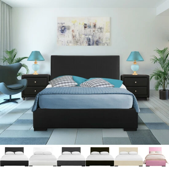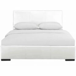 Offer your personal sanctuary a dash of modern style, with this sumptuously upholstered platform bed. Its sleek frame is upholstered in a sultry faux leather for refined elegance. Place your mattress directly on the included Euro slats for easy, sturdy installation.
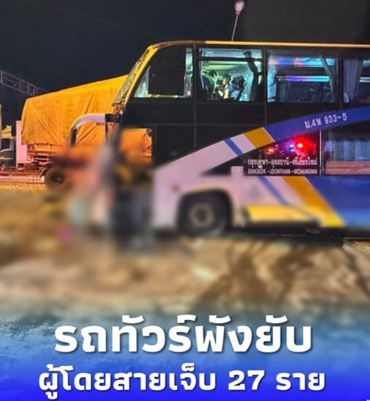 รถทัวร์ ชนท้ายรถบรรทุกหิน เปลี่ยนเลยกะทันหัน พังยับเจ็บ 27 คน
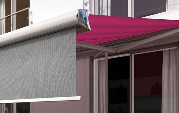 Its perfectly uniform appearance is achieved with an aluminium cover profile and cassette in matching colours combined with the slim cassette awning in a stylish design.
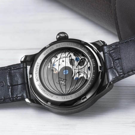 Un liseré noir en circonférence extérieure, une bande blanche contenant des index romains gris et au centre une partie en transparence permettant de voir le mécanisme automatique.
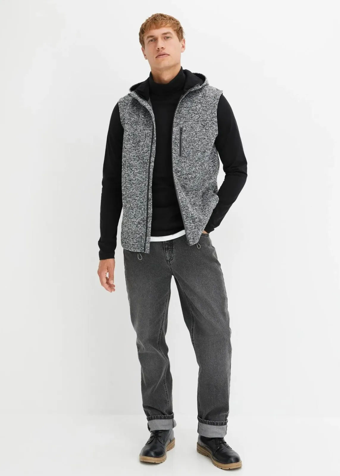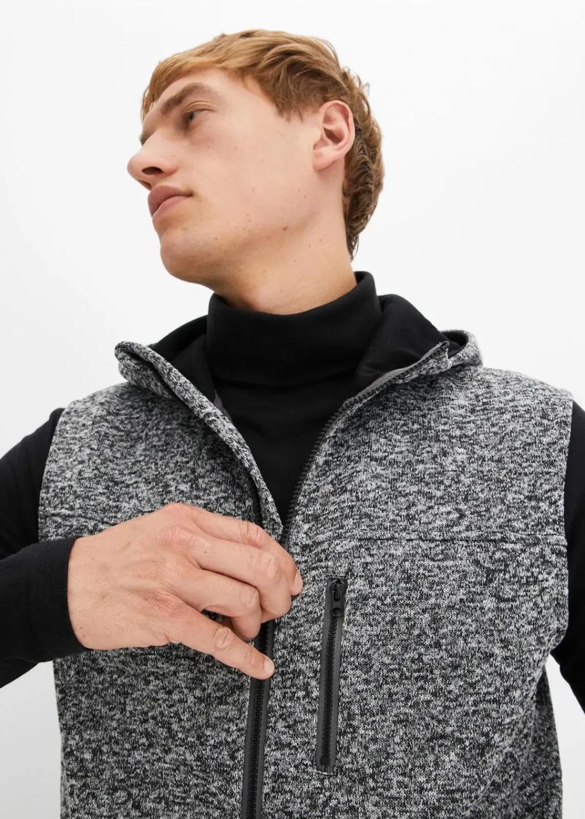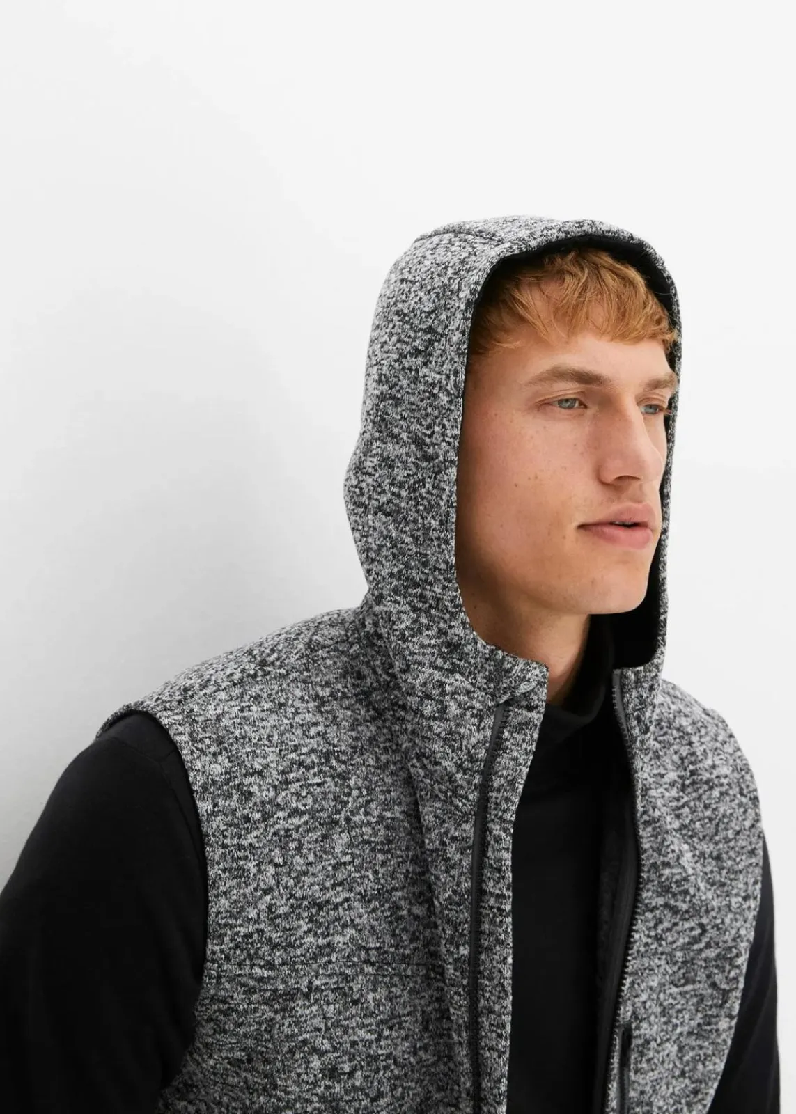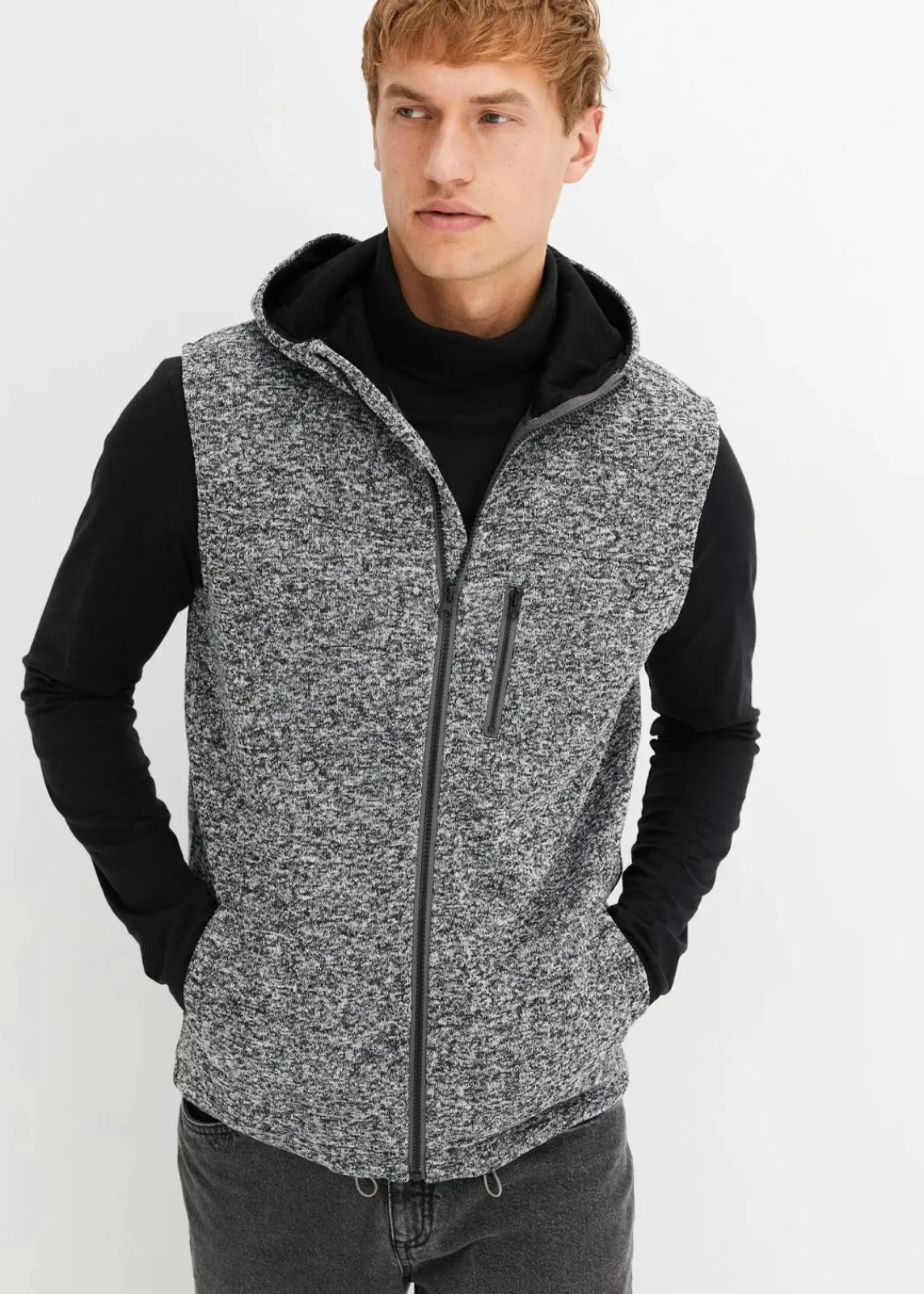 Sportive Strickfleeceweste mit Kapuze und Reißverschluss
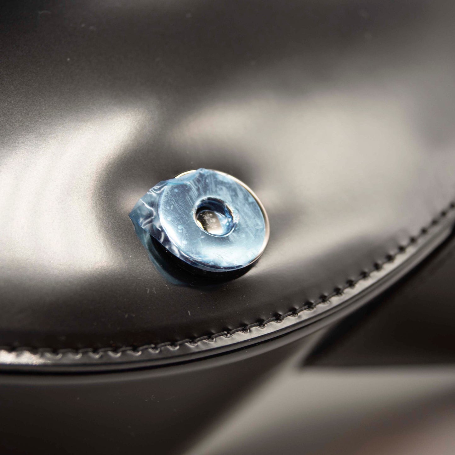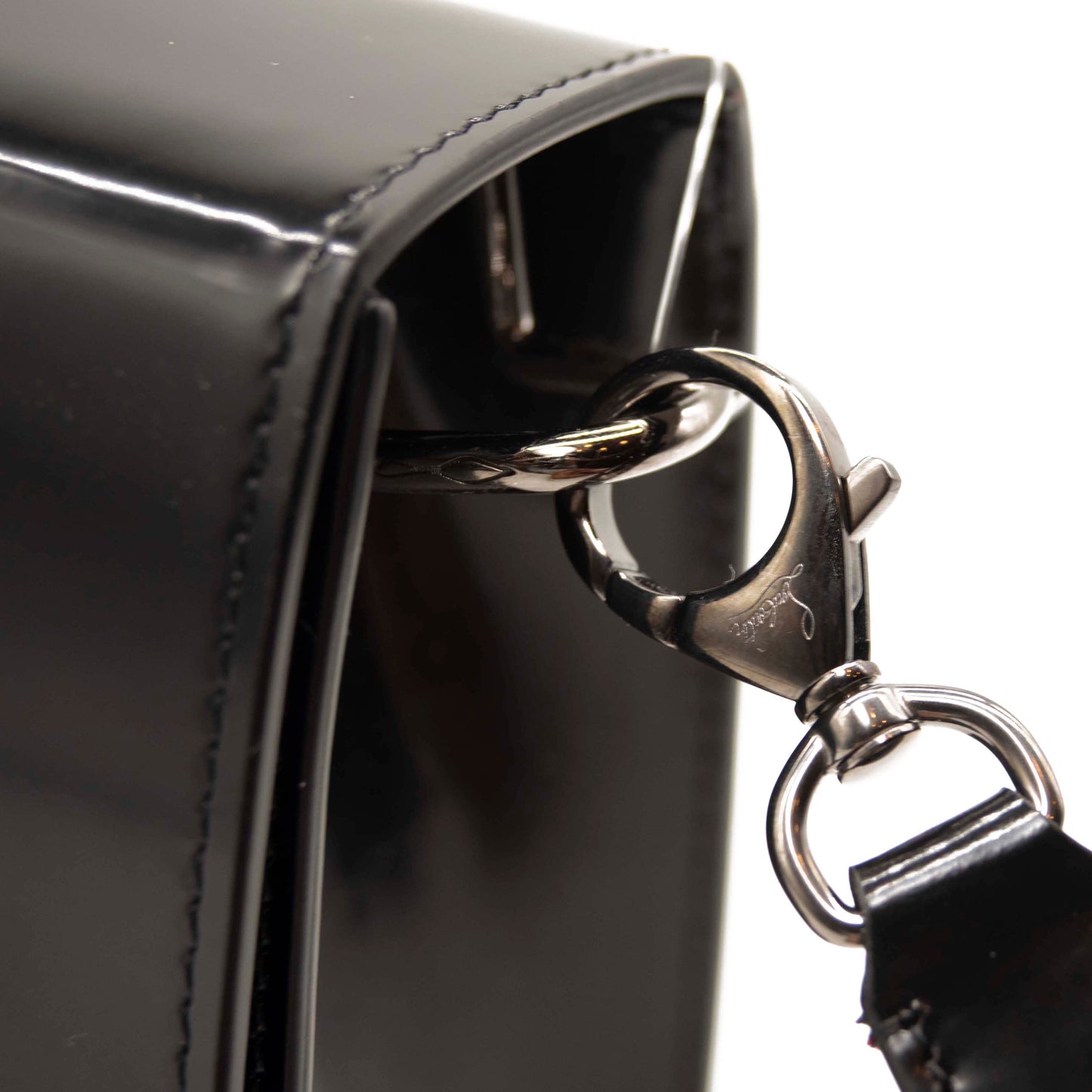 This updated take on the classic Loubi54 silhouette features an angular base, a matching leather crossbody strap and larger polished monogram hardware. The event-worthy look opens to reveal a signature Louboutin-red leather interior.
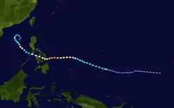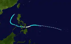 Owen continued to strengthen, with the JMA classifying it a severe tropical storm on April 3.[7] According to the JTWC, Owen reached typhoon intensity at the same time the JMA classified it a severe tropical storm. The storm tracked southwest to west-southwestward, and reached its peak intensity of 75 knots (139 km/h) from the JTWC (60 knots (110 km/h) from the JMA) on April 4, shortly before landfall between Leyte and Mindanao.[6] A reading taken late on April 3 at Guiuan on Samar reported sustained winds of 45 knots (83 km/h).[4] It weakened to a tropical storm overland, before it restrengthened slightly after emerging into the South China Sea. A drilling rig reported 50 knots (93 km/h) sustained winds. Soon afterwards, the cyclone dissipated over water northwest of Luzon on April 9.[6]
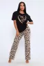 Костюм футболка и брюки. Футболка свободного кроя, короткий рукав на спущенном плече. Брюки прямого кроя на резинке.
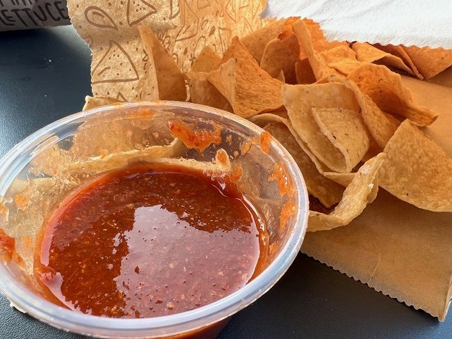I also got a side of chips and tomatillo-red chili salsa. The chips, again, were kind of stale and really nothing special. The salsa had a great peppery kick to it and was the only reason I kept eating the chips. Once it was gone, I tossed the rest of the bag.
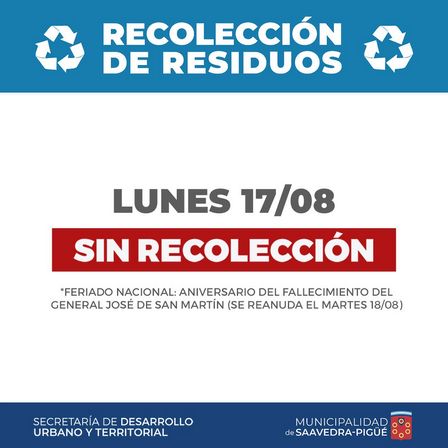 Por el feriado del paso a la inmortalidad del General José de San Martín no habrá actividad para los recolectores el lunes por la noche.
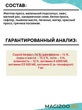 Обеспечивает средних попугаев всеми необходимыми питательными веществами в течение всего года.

• **EXERCISE INSTRUCTIONS**
Lines from the one with "Костюм футболка и" through the final line of the records are the whole answer; print them exactly, minus any pictures.

• **RESULT**
 Костюм футболка и брюки. Футболка свободного кроя, короткий рукав на спущенном плече. Брюки прямого кроя на резинке.
I also got a side of chips and tomatillo-red chili salsa. The chips, again, were kind of stale and really nothing special. The salsa had a great peppery kick to it and was the only reason I kept eating the chips. Once it was gone, I tossed the rest of the bag.
 Por el feriado del paso a la inmortalidad del General José de San Martín no habrá actividad para los recolectores el lunes por la noche.
 Обеспечивает средних попугаев всеми необходимыми питательными веществами в течение всего года.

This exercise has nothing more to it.